Below are some entries. Transcribe the lines from the one holding "Add a touch" to the one holding "A friendly unit", inclusive, but not the pictures among them.

(Material to process)
= Beginning of Section =

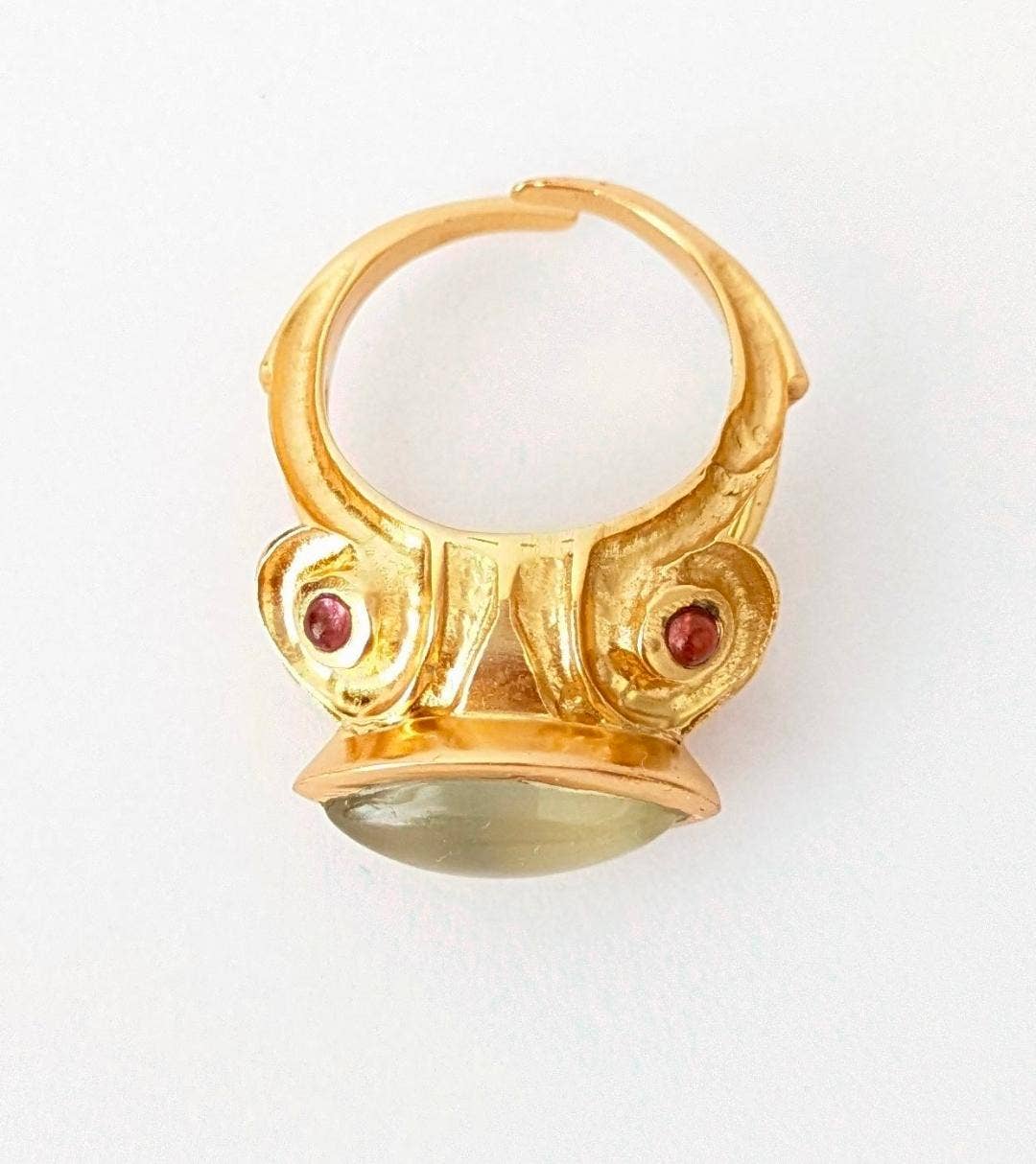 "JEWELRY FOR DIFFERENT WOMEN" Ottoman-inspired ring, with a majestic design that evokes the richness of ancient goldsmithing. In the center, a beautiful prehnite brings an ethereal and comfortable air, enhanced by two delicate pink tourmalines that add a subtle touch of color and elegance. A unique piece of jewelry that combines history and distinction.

= End of Section =
= Beginning of Section =

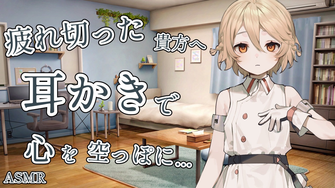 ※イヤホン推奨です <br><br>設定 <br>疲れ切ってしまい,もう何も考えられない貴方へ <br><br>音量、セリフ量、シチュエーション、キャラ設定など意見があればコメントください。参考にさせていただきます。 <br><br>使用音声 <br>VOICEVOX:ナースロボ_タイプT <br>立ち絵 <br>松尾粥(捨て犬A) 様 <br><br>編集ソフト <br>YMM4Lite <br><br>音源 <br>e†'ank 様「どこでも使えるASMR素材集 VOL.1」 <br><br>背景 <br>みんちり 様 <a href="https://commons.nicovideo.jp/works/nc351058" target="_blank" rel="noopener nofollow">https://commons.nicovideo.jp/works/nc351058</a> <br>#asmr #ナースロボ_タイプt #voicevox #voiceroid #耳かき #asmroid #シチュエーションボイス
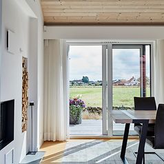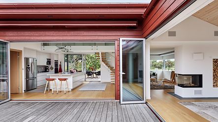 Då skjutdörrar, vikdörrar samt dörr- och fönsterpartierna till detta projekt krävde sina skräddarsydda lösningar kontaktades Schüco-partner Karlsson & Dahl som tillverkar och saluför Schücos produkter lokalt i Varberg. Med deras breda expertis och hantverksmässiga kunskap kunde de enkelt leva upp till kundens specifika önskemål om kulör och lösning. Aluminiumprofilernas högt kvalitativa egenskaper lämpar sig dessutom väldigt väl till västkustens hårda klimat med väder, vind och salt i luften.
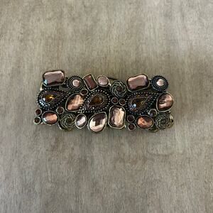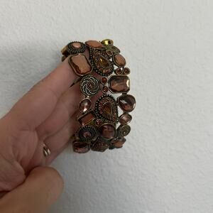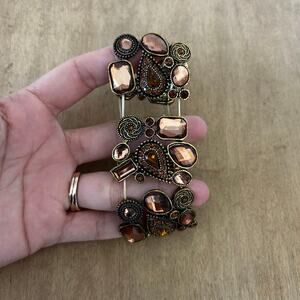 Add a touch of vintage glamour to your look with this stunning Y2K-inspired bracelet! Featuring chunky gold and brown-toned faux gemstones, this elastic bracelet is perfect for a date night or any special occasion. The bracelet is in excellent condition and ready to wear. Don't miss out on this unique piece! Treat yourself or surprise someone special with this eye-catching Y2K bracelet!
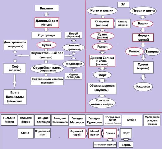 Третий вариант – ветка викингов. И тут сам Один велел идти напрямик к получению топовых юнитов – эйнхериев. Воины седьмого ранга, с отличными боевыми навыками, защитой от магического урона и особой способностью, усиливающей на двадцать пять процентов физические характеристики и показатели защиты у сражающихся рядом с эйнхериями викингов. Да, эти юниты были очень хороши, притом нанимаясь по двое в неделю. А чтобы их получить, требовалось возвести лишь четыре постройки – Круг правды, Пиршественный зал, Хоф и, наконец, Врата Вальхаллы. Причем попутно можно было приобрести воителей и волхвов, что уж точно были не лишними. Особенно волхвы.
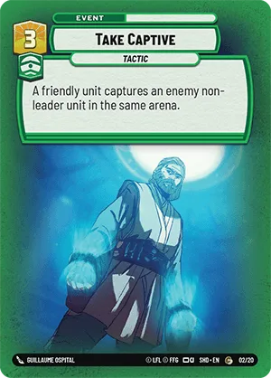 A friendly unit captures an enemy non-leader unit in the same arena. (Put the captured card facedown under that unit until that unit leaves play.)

= End of Section =

(Exercise output)
 Add a touch of vintage glamour to your look with this stunning Y2K-inspired bracelet! Featuring chunky gold and brown-toned faux gemstones, this elastic bracelet is perfect for a date night or any special occasion. The bracelet is in excellent condition and ready to wear. Don't miss out on this unique piece! Treat yourself or surprise someone special with this eye-catching Y2K bracelet!
 Третий вариант – ветка викингов. И тут сам Один велел идти напрямик к получению топовых юнитов – эйнхериев. Воины седьмого ранга, с отличными боевыми навыками, защитой от магического урона и особой способностью, усиливающей на двадцать пять процентов физические характеристики и показатели защиты у сражающихся рядом с эйнхериями викингов. Да, эти юниты были очень хороши, притом нанимаясь по двое в неделю. А чтобы их получить, требовалось возвести лишь четыре постройки – Круг правды, Пиршественный зал, Хоф и, наконец, Врата Вальхаллы. Причем попутно можно было приобрести воителей и волхвов, что уж точно были не лишними. Особенно волхвы.
 A friendly unit captures an enemy non-leader unit in the same arena. (Put the captured card facedown under that unit until that unit leaves play.)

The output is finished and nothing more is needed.